For context: Ruben Vardanyan is a prominent entrepreneur and philanthropist who founded my high school UWC Dilijan, Aurora Humanitarian Initiative, and many other development projects in Armenia. In 2022, he moved to Nagorno-Karabakh to be with fellow Armenians facing the extreme hardships of hunger and post-war effects and became the State Minister the same year. He was detained by Azerbaijani authorities on September 27, 2023, amid the mass exodus of ethnic Armenians following Azerbaijan's military takeover. He has been held in detention since and is reportedly facing multiple charges, including "financing terrorism" and "creating illegal armed groups." At this point, we are aware of numerous violations of his human rights, including the right to a fair trial. He has spent most of his detention in solitary confinement and punishment cells, deprived of basic hygiene, while facing pressure to sign backdated falsified documents and being given only one month to familiarize himself and his defense with a vast cache of case materials in Azeri, a language he does not understand.

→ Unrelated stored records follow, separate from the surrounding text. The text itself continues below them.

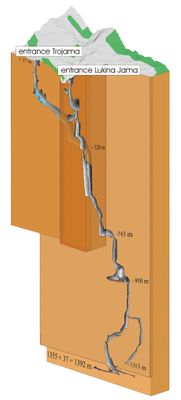 Lukina jama-Trojama is een grottenstelsel in de Hajdučki kukovi-bergen dat zich uitstrekt over ongeveer 3700 meter kalksteenpassages en meer dan 1400 meter onder de ingang afdaalt. Het netwerk bevat meerdere grote kamers en verticale schachten die een complex ondergronds landschap vormen.
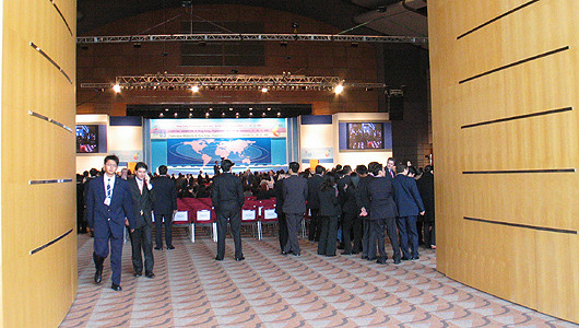 ▲ 기념행사 전면 모습. 모든 참석자들은 지정된 좌석 주변을 제외하고는 다닐 수 없도록 행사진행요원들이 이동을 통제했다. |
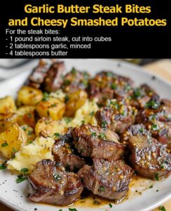Garlic Butter Steak Bites and Cheesy Smashed Potatoes are a delightful combination that promises to please your taste buds and provide a comforting dining experience. With simple, high-quality ingredients and a few cooking secrets, you can create a meal that’s both impressive and deeply satisfying. Enjoy this recipe as a go-to for cozy dinners and special occasions alike, and don’t forget to share your culinary success with family and friends!
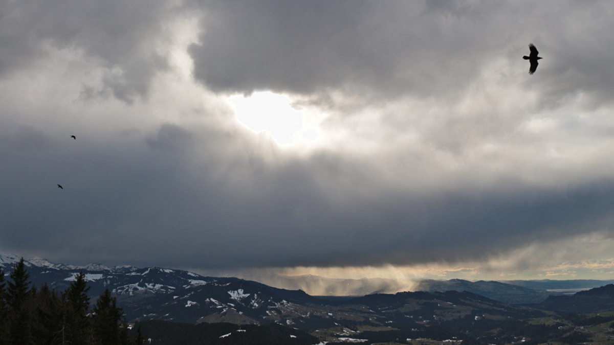 das Wetter schlägt um - der Gipfel des Koyensteins präsentiert sich in einem mystischen Licht. Rund um den Koyenstein geben die Raben ihre flugakrobatischen Künste zum Besten
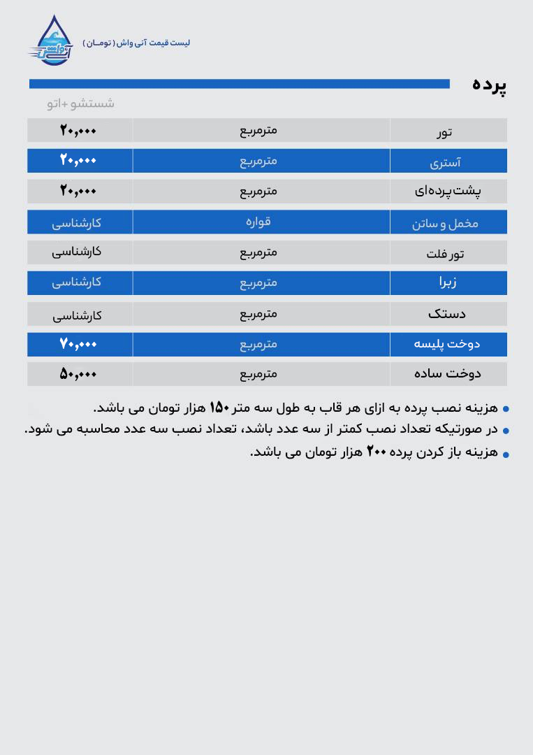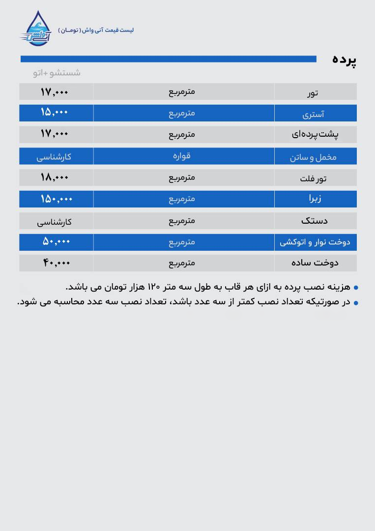شستشو : خدمات درخواستی روی پرده ها طبق دستورالعمل مشخصه روی هر یک از آنها با دقت و کیفیت بالامطابق استاندارد و مرغوبترین مواد شوینده انجام می شود.
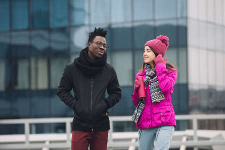 Trendy young couple enjoying sunny day downtown in stylish winter attire.
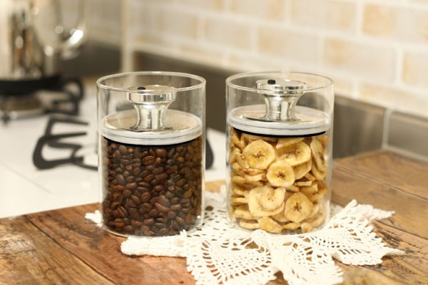余分な空気を減らして酸化を防止し、湿気を嫌う茶葉やパスタ、コーヒー豆が傷みにくいガラス容器です。
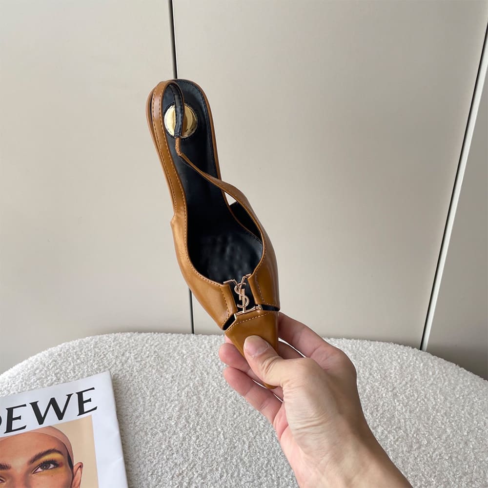 Slingback pumps with a cut-out elongated toe decorated with the CASSANDRE.
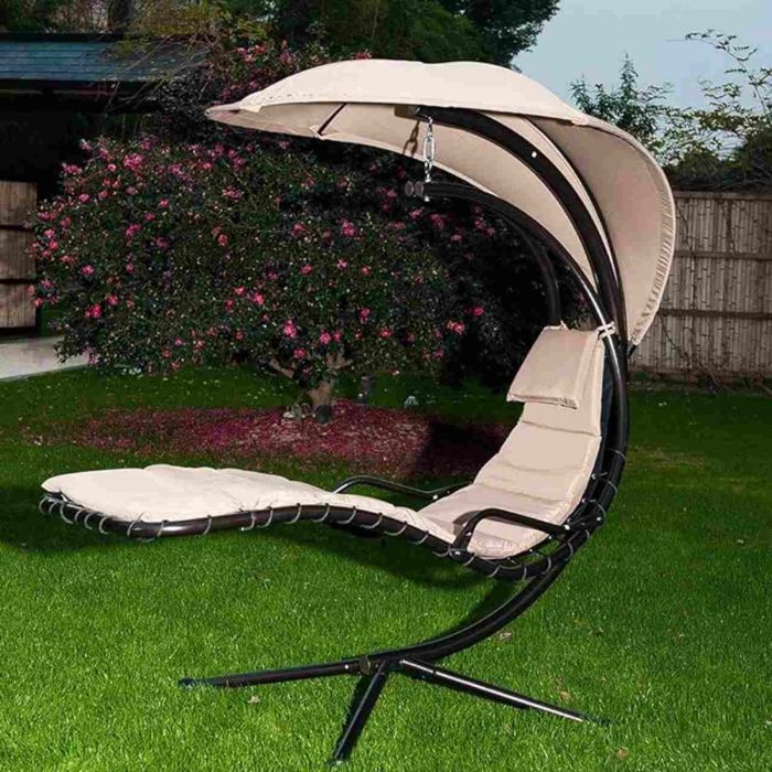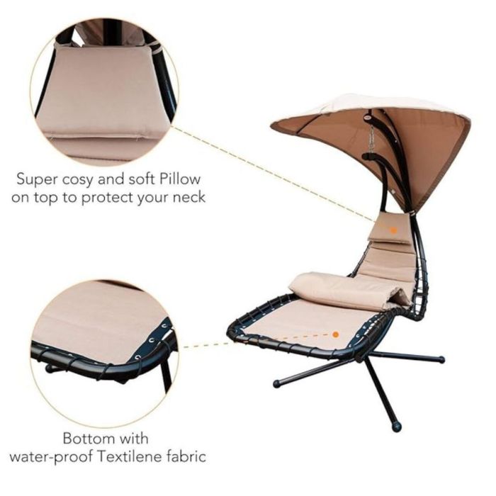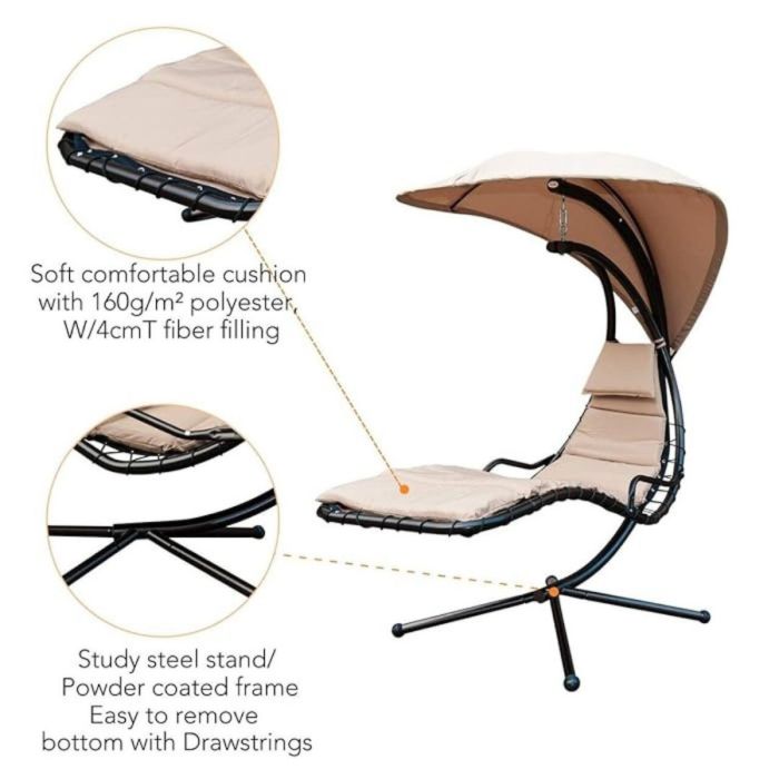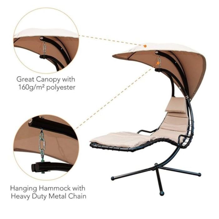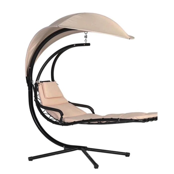 A luxurious hanging chaise lounge chair featuring a sleek curved steel stand and a detachable, adjustable canopy for optimal shade. Designed to create a zero-gravity feel, it offers ergonomic support with thick cushions and a cushioned headrest for peaceful relaxation. Its robust powder-coated steel frame ensures stability and weather resistance. Easy to assemble and ideal for indoor and outdoor spaces, this chair combines modern elegance with functional comfort.
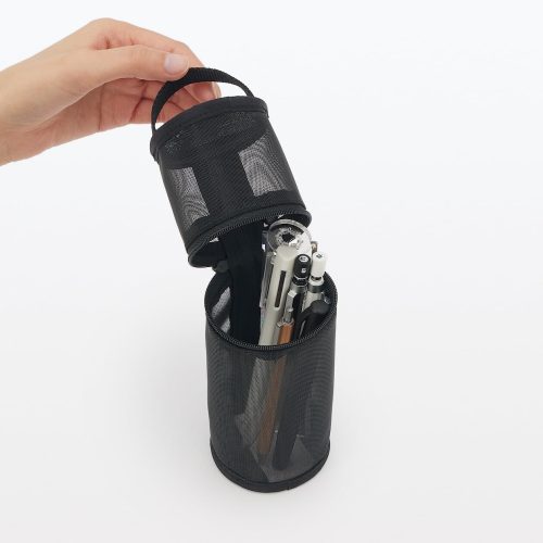 ナイロンメッシュ素材を採用しており、軽量で通気性も良好。中身が見えるため、必要なペンをすぐに見つけられます。取っ手付きで持ち運びやすく、カバンからの出し入れもスムーズに行えます。

Deep down, I know that my inability to write was due to my feeling of powerlessness. I stopped believing that social media claims and posts help - the mere awareness they create seems to bring no action. It is ironic because through my formative years at UWC Dilijan, Berkeley, and Harvard, I had been surrounded by people who shared my morals, aspirations, and motivations to make this world a better place, no matter how cliché it sounds. In those spaces, I truly believed that we could make a difference and improve this world. Now I am looking around with my bubble burst, pleas gone unanswered, and simply disappointed. Where are all the people I looked up to? What can we do? Where did we go wrong? I question the effectiveness of our international institutions. What good are human rights declarations if they cannot be enforced? What purpose do international courts serve if they cannot protect individuals like Ruben from sham trials and inhumane detention conditions?
I question myself too. What more could I be doing?
And yet, I want to write today not just in despair but in defiance—carrying forward the dream of peaceful world united by education that Ruben and his wife shared with us that day at UWC Dilijan. I hold to a sliver of hope and light that Ruben and the Armenian prisoners will return to their families because the hardest battles are given to the strongest people and the resilience is in our DNA. I write as one voice among many, a chorus that grows louder with each passing day. I write because somewhere in a cell in Baku, a man who taught me to dream of a better world is refusing to surrender that dream, even now.